Шило кивнул широкоплечему, и тот выпустил Курихару. Японец встал сначала на колени, а потом принялся медленно подниматься на дрожащих ногах.
Девушка во втором чемодане тоже не подавала признаков жизни, но крови не было.
– Обморок, – констатировал довольный собой Василий Шило, подзывая своих бойцов помочь ему достать скрючившуюся жертву неудачной контрабандной операции.
– Марта! – снова заорал забытый на мгновение Курихара, и все увидели, как он рванул из кармана пальто маленький женский браунинг. В руке у широкоплечего тут же невесть откуда появился наган, но Ватануки грозно крикнул:
– Дамэ! Прекратить! – И Курихара, собравшийся было выстрелить в командира пограничников, опустил руку, а затем снова поднял ее, поднося пистолет к виску.
– Не на моей территории, – сурово глядя в глаза Ватануки, твердо проговорил Шило, – пусть границу перейдет и там стреляется. У поляков. У меня не надо.

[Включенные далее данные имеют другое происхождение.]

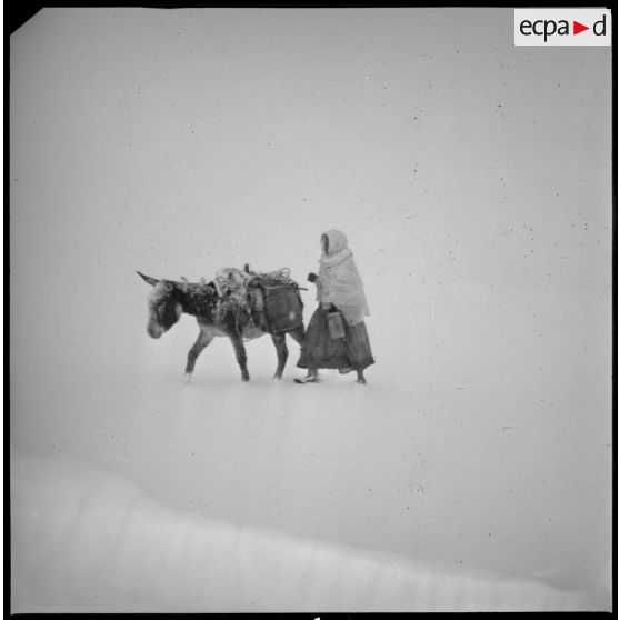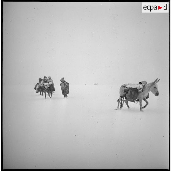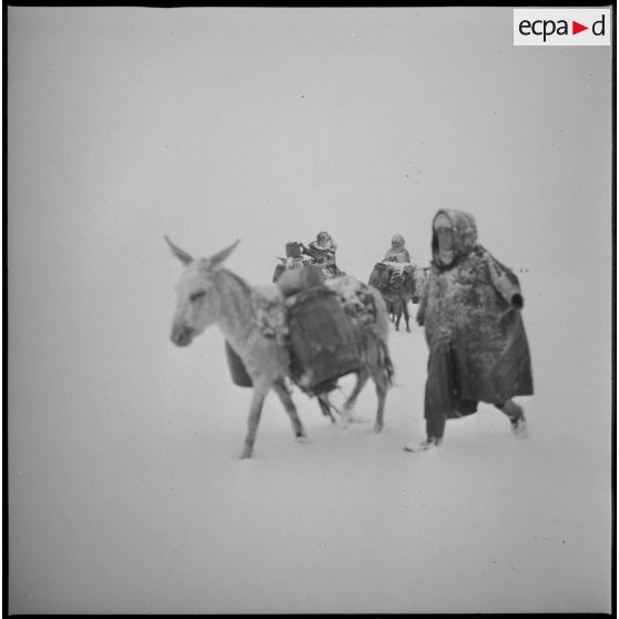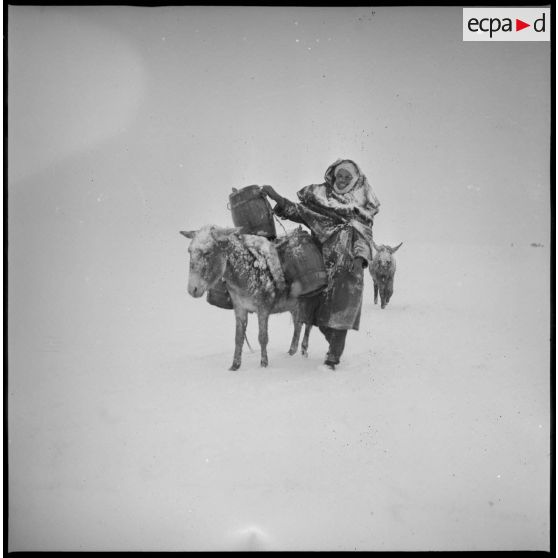 Un homme effectue une corvée d'eau sous la neige. Des mulets transportent les tonneaux.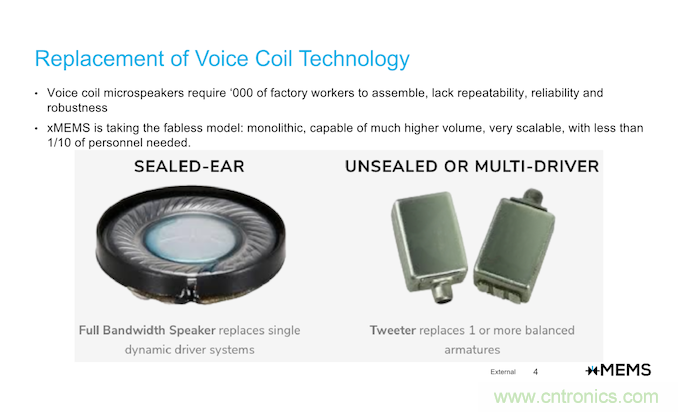 xMEMS是一家新成立的公司,成立于2017年,总部位于加州圣克拉拉,在台湾设有分公司。到目前为止,该公司一直处于隐身模式,直到今天才公开发布任何产品。据悉,该公司的动机是利用创始人多年来在不同MEMS设计公司积累的丰富经验,打破数十年来的扬声器技术壁垒,用全新的创新纯硅解决方案重塑声音。

Ватануки стиснул зубы и посмотрел на Курихару. Журналист опустил пистолет и заплакал, роняя слезы на затоптанные сапогами капли крови Любови Вагнер. Настоящего мастера шпионажа, которым он так стремился стать, из него явно не получилось.
Глава 20. Поезд
Москва, примерно месяц спустя
В зале народного суда обычного, простого советского народа не было совсем, да и быть не могло. Судебное заседание объявили закрытым по вполне понятной причине: в этом странном, загадочном деле с привкусом «буржуйской авантюрщины» затрагивались вопросы, составляющие государственную тайну Союза ССР. К такому обсуждению могли быть допущены только проверенные товарищи: судьи Военного трибунала Московского военного округа, военный прокурор и мало чем отличающийся от него (и внешне, и по сути) военный же защитник. Функция последнего поначалу сводилась к внимательному выслушиванию прокурора (свидетелей обвинения не было, и обвинительная часть заседания целиком сводилась к его выступлению) да к рисованию замысловатых узоров и незатейливых рожиц на листке ученической тетрадки. Время от времени через плечо к нему, стараясь не вытягивать при этом длинную, худую и не слишком чистую шею, пытался заглядывать караульный, стоящий у скамьи подсудимых с винтовкой с примкнутым к ней длиннющим штыком. Иногда караульный, видимо, уставая тянуться вперед, немного отклонялся назад и тогда боковым зрением видел подозреваемых. Их на скамье было двое.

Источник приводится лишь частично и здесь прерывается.